*Aim of the task*: An exact copy of all the data is required, with pictures left out.

*Recorded data*:
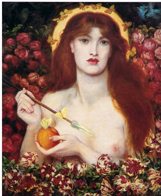
7. Dante Gabriel Rossetti, Venus Verticordia , уље на њлајну, 1863–1868.
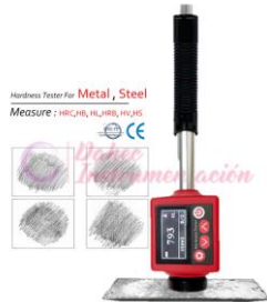
Durómetro de metal
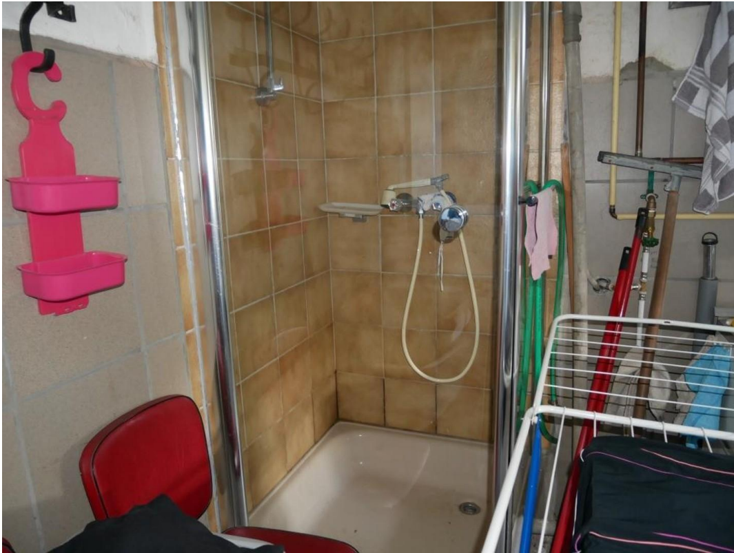
Dusche im Waschkeller

*Task response*:
7. Dante Gabriel Rossetti, Venus Verticordia , уље на њлајну, 1863–1868.
Durómetro de metal
Dusche im Waschkeller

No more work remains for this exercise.